We additionally used a previously published phylogenomic pipeline, based on ranking the reciprocal BLAST top hits from each of the 144 sub-categories through BLAST search, followed by single-gene trees, to identify evidence of horizontal gene transfer into a recent ancestor of CCMP470 (Table S4)34. The majority of the genes identified were either most closely related to other diatom sequences, or could not retrieve clear non-diatom origins through the BLAST top hit analysis; or were found to be too divergent to align with their respective BLAST top hits to allow phylogenetic inference. However, we could confidently identify eight candidate HGT events (resolving with a sister group corresponding to the BLAST top hit taxon, with RAxML bootstrap support >50%; Fig. 5B). Seven of the HGT genes are of apparent prokaryotic (chlorobial, alphaproteobacterial, and verrucomicrobial) origin; and the remaining HGT fell in an unresolved position within the haptophytes (Fig. 5B). Seven of the HGT genes occur on contigs containing at least one sequence of verified diatom origin, indicating that they are not contaminants within the diatom sequence fraction (Table S4). The remaining HGT gene (g7872 C) is an apparent chimeric or “S-gene”34, consisting of an N-terminal carbonate dehydrogenase domain of apparent verrucomicrobial origin; and a C-terminal Hcf164 domain of diatom origin (Fig. S4).
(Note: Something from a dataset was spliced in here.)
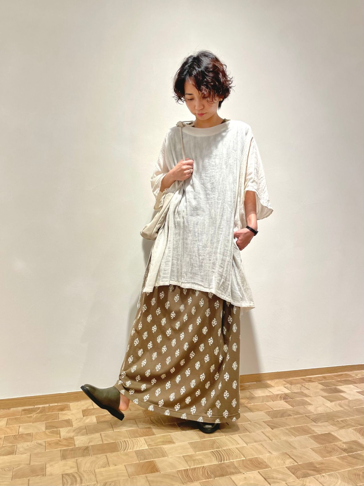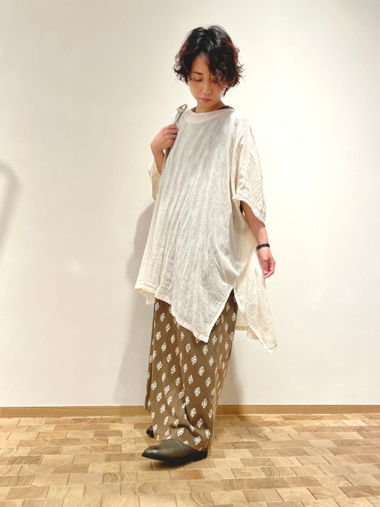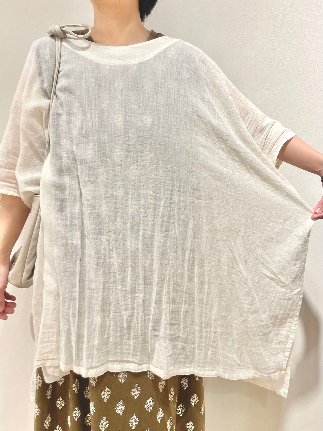 軽く、柔らかいコットンガーゼのブラウスを羽織りました。

Origin and function of the CCMP470 symbiont

Next, we considered the genome of the CCMP470 bacterial symbiont, which was 3.48 Mb in size and consisted of 3,158 genes (Table 1A; Table S1 and Dataset S1). The majority of the bacterial contigs were identified using LCA annotations as resolving within the Rhodobacteraceae, an alpha-proteobacterial group frequently identified as algal symbionts and associated with algal blooms35,36,37,38,39. We used a set of 27 genes from a list of 40 previously identified as single-copy phylogenetic markers for alpha-proteobacteria40, that could be detected on the symbiont contigs (Table S2), to further identify sequences of probable alpha-proteobacterial commensal origin in six other published algal genomes and transcriptomes41,42 (Table 1B).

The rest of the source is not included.